I'm beginning to find myself fighting the urge to give irreverent titles to my blog and in describing winter this year! I think I have a grasp on how our recent ancestors felt when they first moved to the plains and the prairie. The hardships were not scarce. Either their crops disappeared under dark clouds of locusts, homes swept away by prairie fires or they froze or were driven mad in the never ending blizzards of winter!

Ha! Well, I don't have that much to gripe about I guess...after all we've got no place to be...let the winds whip through for days on end and bury our hard work in new snow each day - so what! Auuuuugggghhhhh!

Sorry, think that's out of my system now for the short term any way. :)

Tomorrow morning we get to test the snow blower repair made on Friday...wish us luck. But as I said, we're not going anywhere any how!

We are going to the Winter Thaw Nature Photography Workshop next Saturday though! Maybe that's what we all need - a reason to get out and enjoy ourselves?!

The workshop will be held at the Emmetsburg Iowa Lakes Community College campus on Saturday, February 20th. There will be a $20 registration fee to cover presenter expenses and lunch. Registration is required so plans can be made for food and materials.

To register or ask questions about the workshop contact the Iowa Lakes RC&D office at 712-262-2083.

My part in the workshop will be to emphasize the beginning aspects, equipment and field techniques. Photographing the Landscape, as well as Flora and Fauna. I also want to stress a part of digital photography that I am not seeing enough of these days - craftsmanship in the digital darkroom. There won't be enough time at the workshop to get deeply into this subject, but it is one I want to raise an awareness of.

I taught the darkroom for many years at the community college level, I worked in commercial darkrooms as far back as the early 1970's. Professional Photographers paid me to use my expertise in printing from their film, or entrusted their film to me for processing and printing. They needed me to help them keep bread on their tables and I took a tremendous amount of satisfaction from it.

Darkroom work - film processing and printing, is nearly a lost craft now, in oh such a short time since it was practiced on a daily basis in the industry and fine arts.
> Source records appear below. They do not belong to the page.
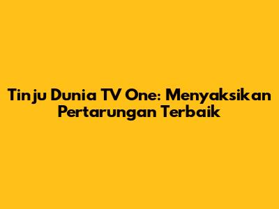 Tinju dunia TV One, siapa yang tidak mengenalnya? Bagi para penggemar olahraga tinju di Indonesia, nama ini sudah tidak asing lagi. TV One telah menjadi rumah bagi berbagai pertandingan tinju dunia yang seru dan menegangkan. Artikel ini akan membahas secara mendalam mengenai tinju dunia TV One, mulai dari jadwal tayang, berita terbaru, hingga sorotan menarik dari dunia tinju.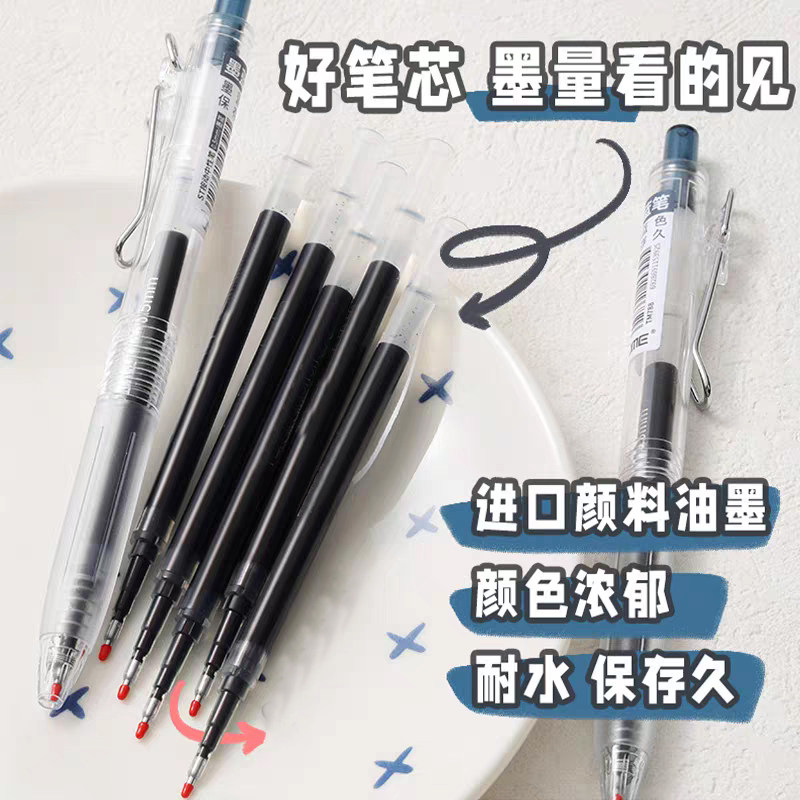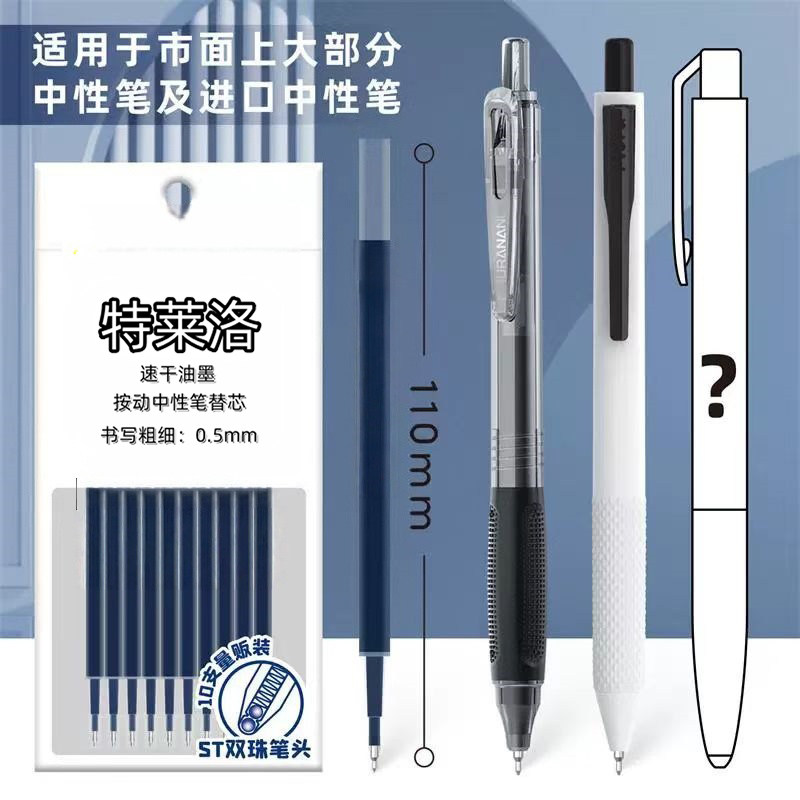 📚 纯正墨蓝色通用笔芯按动中性笔替芯速干顺滑0.5 ST笔尖医护专用芯
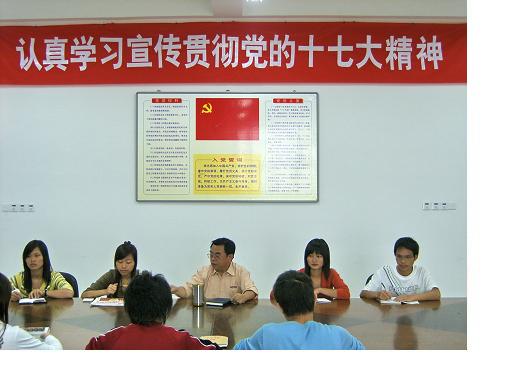 10月24日下午,技術(shù)工程系黨支部林奇書記組織學(xué)生黨員學(xué)習(xí)胡錦濤總書記在十七大的報(bào)告《高舉中國(guó)特色社會(huì)主義偉大旗幟 為奪取全面建設(shè)小康社會(huì)新勝利而奮斗》(摘要)。在學(xué)習(xí)座談中,學(xué)生黨員感到盛會(huì)催人奮進(jìn),報(bào)告鼓舞人心。尤其是對(duì)報(bào)告中提到的過去五年改革開放和全面建設(shè)小康社會(huì)取得重大進(jìn)展,學(xué)生們深有感觸。來自農(nóng)村的05級(jí)應(yīng)用電子技術(shù)專業(yè)1班學(xué)生洪碧云說,這幾年國(guó)家的農(nóng)村政策越來越好,現(xiàn)在農(nóng)業(yè)稅不收了,什么“三提五統(tǒng)”都沒了,農(nóng)民的生活一年比一年好。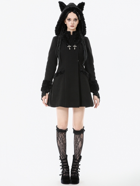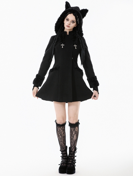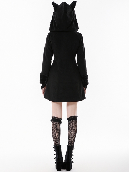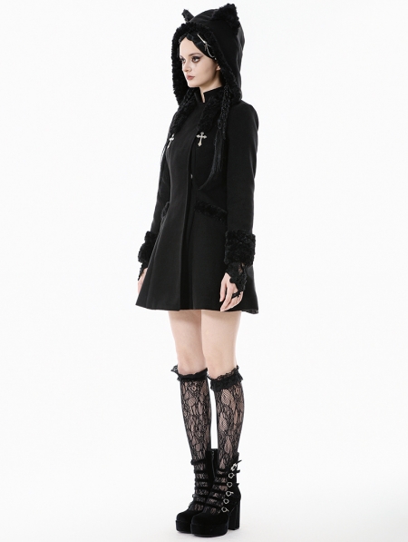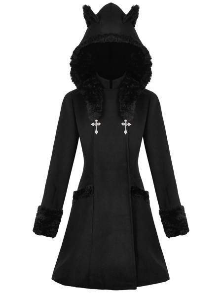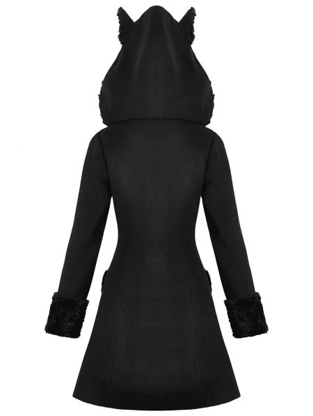 Black Gothic Cute Cat Ear Fuzzy Hoodie Coat for Women

I went to an exhibition a while back, an exhibit of Black and White photography. The scope of the work was amazing, even enviable - but the print quality was sorrowfully absent. It was as if Weston, Adams, Tice or Caponigro had never lived! WHAT A SHAME!
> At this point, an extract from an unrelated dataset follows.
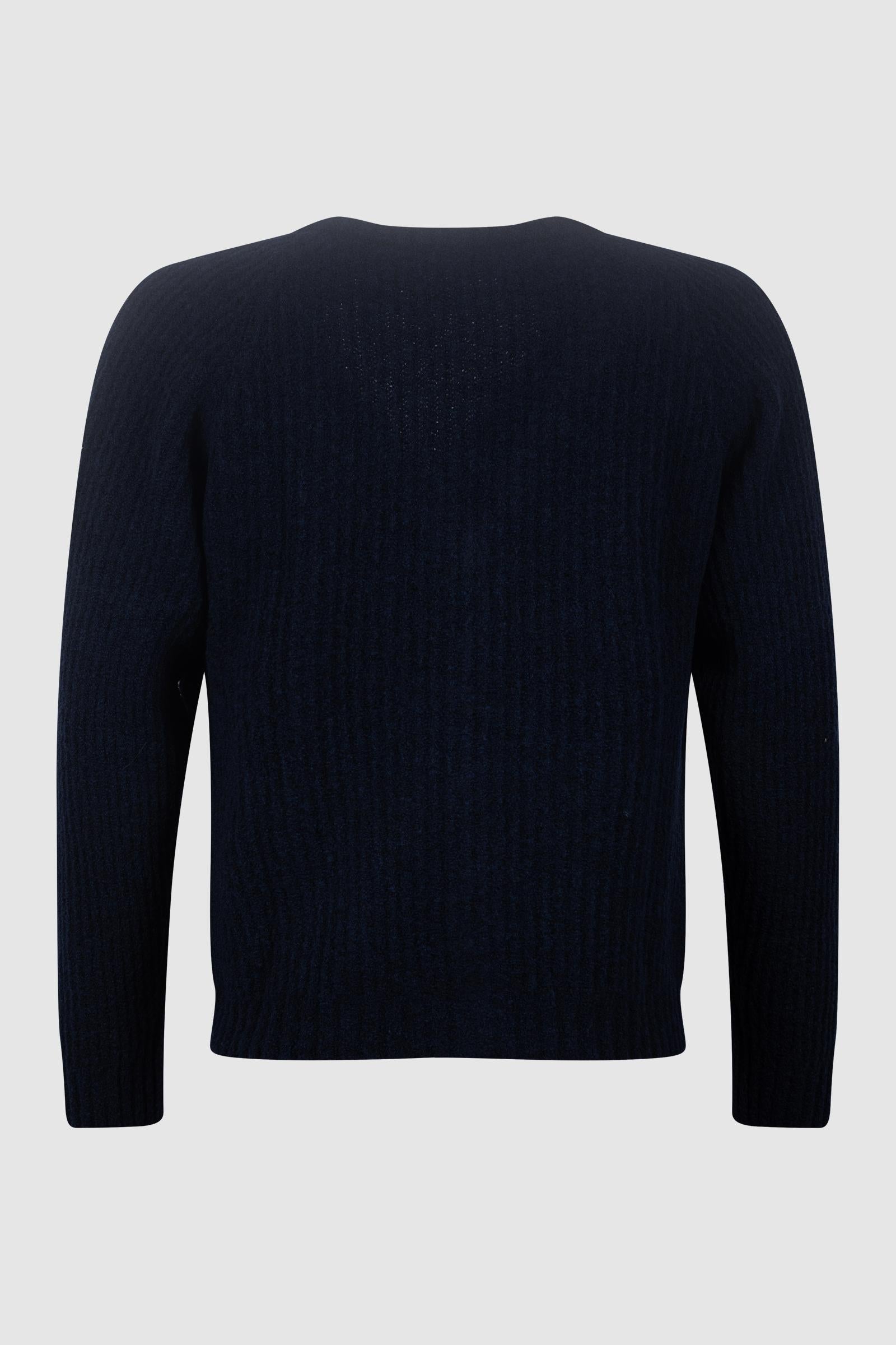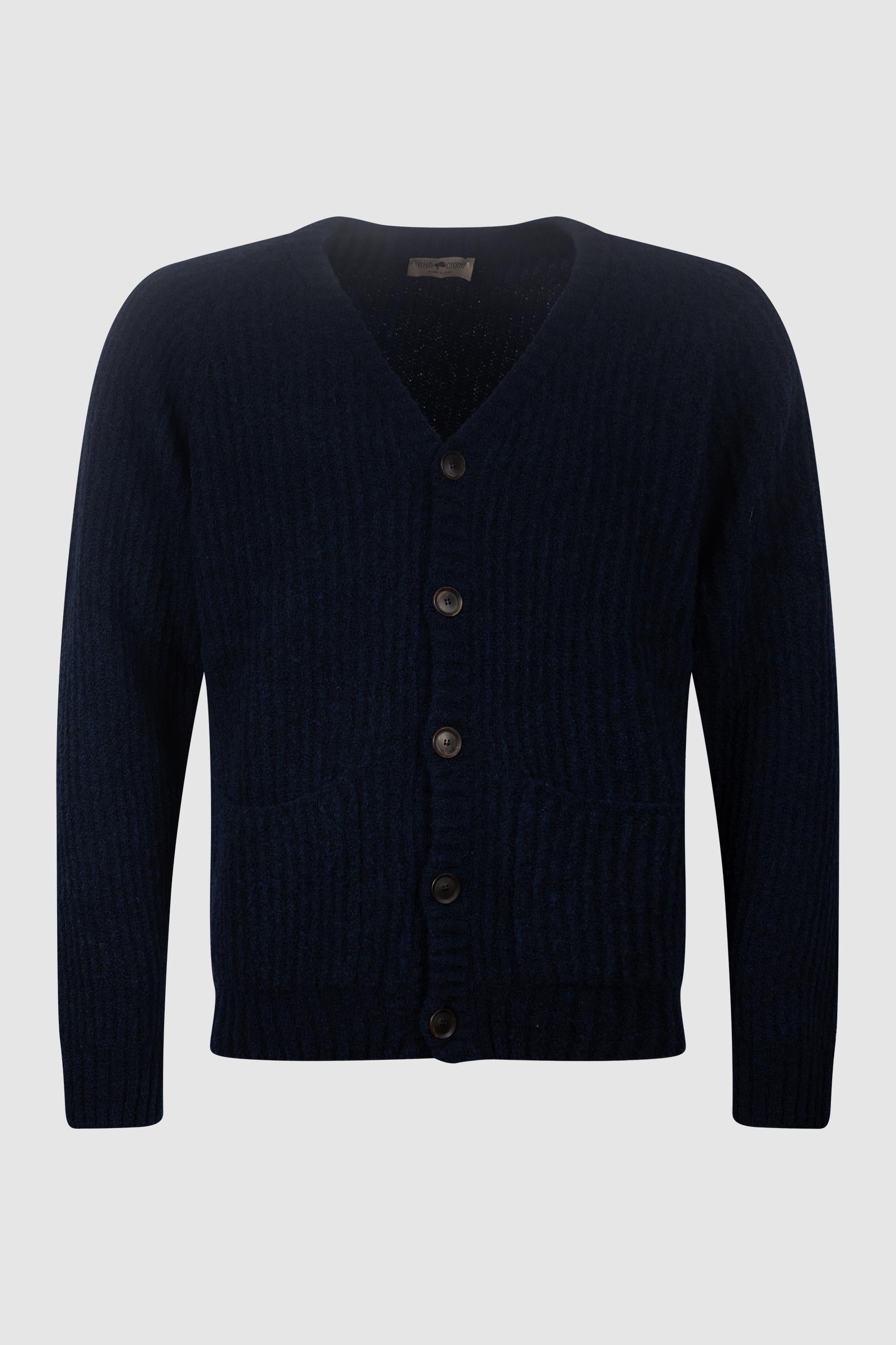 Il design classico con collo a V e chiusura con bottoni frontali è arricchito da una lavorazione a coste verticali che dona profondità e struttura al tessuto.

I do see this in digital darkroom work too, especially in Black and White work. Why do people throw a file into the digital soup and accept what the automated process gives them? If only people would reach back and study the masters - those that did it by hand, the hard way - the studied way. B&W isn't cool because it's "retro". It's only amazing when it's carried through as a fine craft.

I do strongly believe that most people do not realize this because they have never been exposed to the master photographers and print makers like Ansel Adams or George Tice and others. They don't have a base of comparison or experience.

OK, I'm getting cranked up again, must be the weather.

Anyway, I'm throwing the following illustration in for the workshop next week just to give people something to "chew" on for a bit. This relates to the digital darkroom.

Just as in traditional darkroom manipulation, digital darkroom programs can craft a fine image from a file that would not have been possible without processing in an appropriate
software or manner.


The following images illustrate an example of photo manipulation in the digital darkroom - illustrates how an image file looked prior to, and after processing in a photo software program. You see the true possibilities that rested in that file, the image that I saw when I took the photograph. It was a crappy day, snowing and windy. The subject matter (Bison) was poorly lit and could not be repositioned for the shot...the fence was there and there to stay...moving back or forward would not help and shooting through the wire was out because the subject was right next to it. The finished (processed) example also goes a step further to illustrate what you can do with image information that is obstructing or spoiling the experience of the image that you were wanting to create.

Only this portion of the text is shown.